DBRS Morningstar Confirms the Province of Québec at AA (low) and R-1 (middle), Stable Trends
Sub-Sovereign Governments, Utilities & Independent Power, Other Government Related EntitiesDBRS Limited (DBRS Morningstar) confirmed the Issuer Rating and Long-Term Debt rating of the Province of Québec (Québec or the Province) at AA (low) as well as its Short-Term Debt rating at R-1 (middle). Concurrently, DBRS Morningstar confirmed the Guaranteed Long-Term Debt and Commercial Paper ratings of Hydro-Québec at AA (low) and R-1 (middle), respectively, as well as the Long-Term Debt and Short-Term Debt ratings of Financement-Québec at AA (low) and R-1 (middle), respectively. The trend on all ratings is Stable.
Québec released its 2023 budget on March 21, 2023, which points to a gradual improvement in the fiscal outlook and stabilization of the debt burden despite softening economic conditions. Québec forecasts a budget deficit of $1.6 billion for 2023–24, relatively unchanged from the prior year. On a DBRS Morningstar-adjusted basis, this equates to a shortfall of $6.1 billion, or 1.1% of GDP, after making adjustments to recognize capital spending as incurred and assuming the contingency reserve is not needed. Over the medium term, the Province projects gradually improving results, with a small surplus anticipated by 2025–26 and growing modestly thereafter. This equates to DBRS Morningstar-adjusted deficits of less than 1.0% through 2027–28. While new tax and spending measures have slowed the improvement in Québec's fiscal outlook, the Province maintains the flexibility to respond to challenges that may arise should growth prove to be weaker than anticipated.

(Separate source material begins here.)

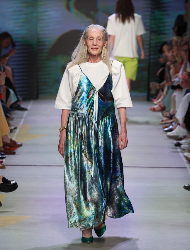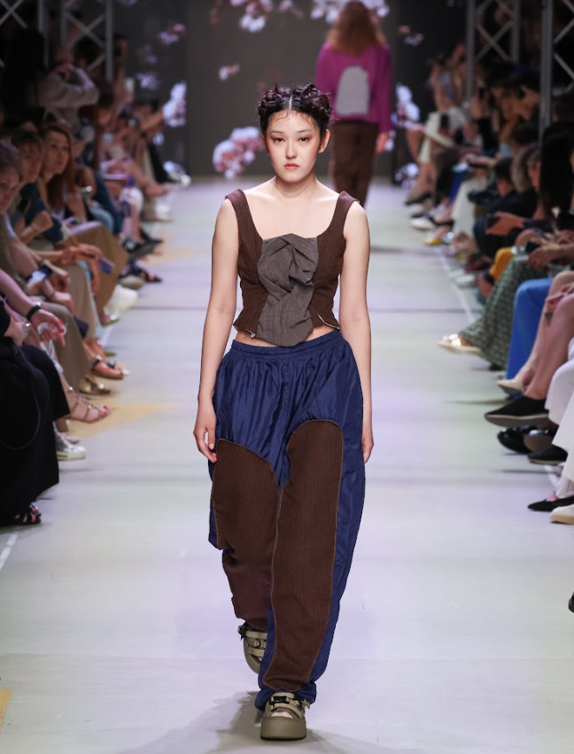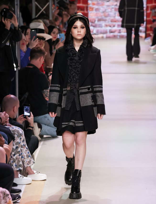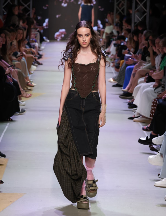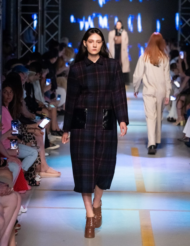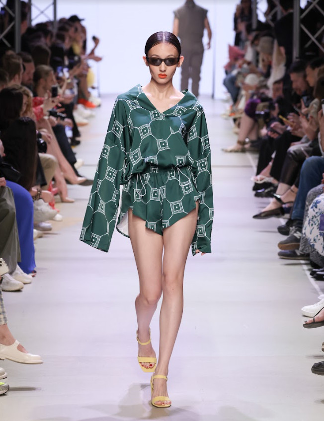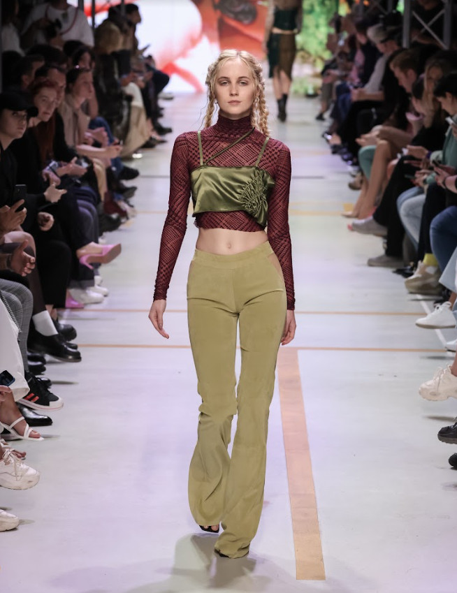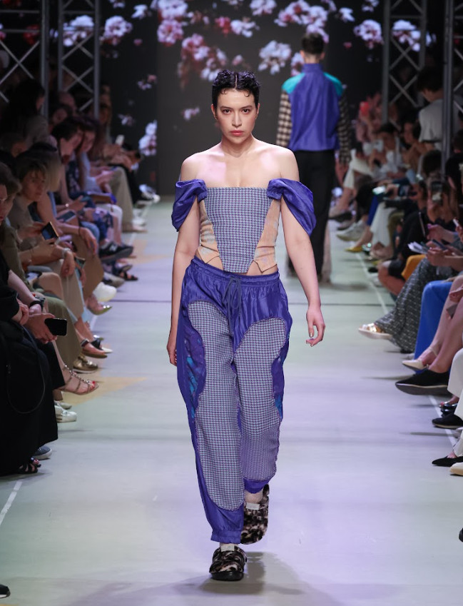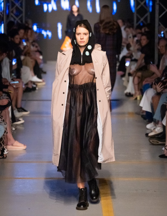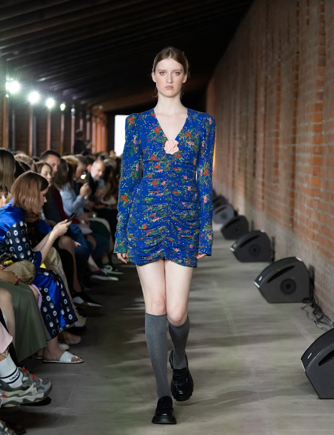 Emerging designer Dima Shapovalov presented the debut collection of his Dima Magny brand – Experiment 1.0. The basic concept of the collection covered upcycling, sustainable fashion, and garment merging. Dresses with different textures in every piece, mini skirts with abstract patterns, sweatshirts merged with denim coats, rollover skirts, floral boleros, tops, and jackets with unsymmetrical sleeves – these were worn by the models walking down the catwalk. Some of the garments featured natural colors, but then the designer added some spice of red, blue, turquoise, and yellow. According to the designer, every piece has its energy value. It might be the answer to why the collection looks so dynamic and diverse.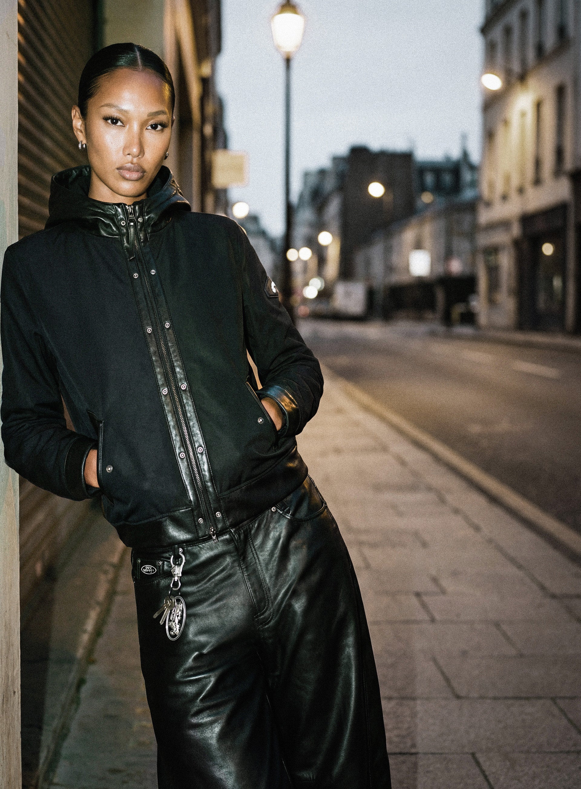 帽子外側加入皮革袖口式細節設計,提升整體質感。

The pace of debt reduction appears to be slowing but the outlook for DBRS Morningstar-adjusted debt-to-GDP is roughly in line with previous expectations. On a DBRS Morningstar-adjusted basis, the debt-to-GDP ratio is expected to stabilize around 45.0% or below from 2023–24 through 2027–28. In Budget 2023, Québec has established a new debt reduction objective that aims to reduce net debt-to-GDP to 30.0% by 2037–38, from 37.4% in 2022–23, or roughly in line with the current provincial average.
Like the rest of Canada, Québec's economic growth is expected to slow as global economic conditions deteriorate in response to central bank efforts to raise policy rates and curb inflation. The Province is forecasting real GDP growth of 0.6% for 2023, followed by 1.4% real GDP growth in 2024. Recent financial market instability and deteriorating credit conditions present downside risks to the outlook, while the evolving outlook for inflation and interest rates along with global geopolitical tensions present further uncertainty.
RATING DRIVERS
A positive rating action is dependent on further improvement in critical rating factors or sustained improvement in financial risk factors. A combination of a material erosion in economic fundamentals, sustained large operating deficits, and a significant increase in the debt-to-GDP ratio could result in a negative rating action, although this is unlikely.
ENVIRONMENTAL, SOCIAL, GOVERNANCE CONSIDERATIONS
There were no Environmental/Social/Governance factors that had a significant or relevant effect on the credit analysis.
A description of how DBRS Morningstar considers ESG factors within the DBRS Morningstar analytical framework can be found in the DBRS Morningstar Criteria: Approach to Environmental, Social, and Governance Risk Factors in Credit Ratings at https://www.dbrsmorningstar.com/research/396929 (May 17, 2022).
Notes:
All figures are in Canadian dollars unless otherwise noted.
DBRS Morningstar applied the following principal methodology:
Rating Canadian Provincial and Territorial Governments (https://www.dbrsmorningstar.com/research/413265; April 28, 2023).
The following criteria has also been applied:
DBRS Morningstar Global Criteria: Guarantees and Other Forms of Support (https://www.dbrsmorningstar.com/research/411694; March 28, 2023).
The credit rating methodologies used in the analysis of this transaction can be found at: https://www.dbrsmorningstar.com/about/methodologies.
A description of how DBRS Morningstar analyzes corporate finance transactions and how the methodologies are collectively applied can be found at: https://www.dbrsmorningstar.com/research/397223.
The related regulatory disclosures pursuant to the National Instrument 25-101 Designated Rating Organizations are hereby incorporated by reference and can be found by clicking on the link under Related Documents or by contacting us at [email protected].
The rating was not initiated at the request of the rated entity.
The rated entity or its related entities did participate in the rating process for this rating action.
DBRS Morningstar had access to the accounts, management, and other relevant internal documents of the rated entity or its related entities in connection with this rating action.
This is a solicited credit rating.
The conditions that lead to the assignment of a Negative or Positive trend are generally resolved within a 12-month period. DBRS Morningstar trends and ratings are under regular surveillance.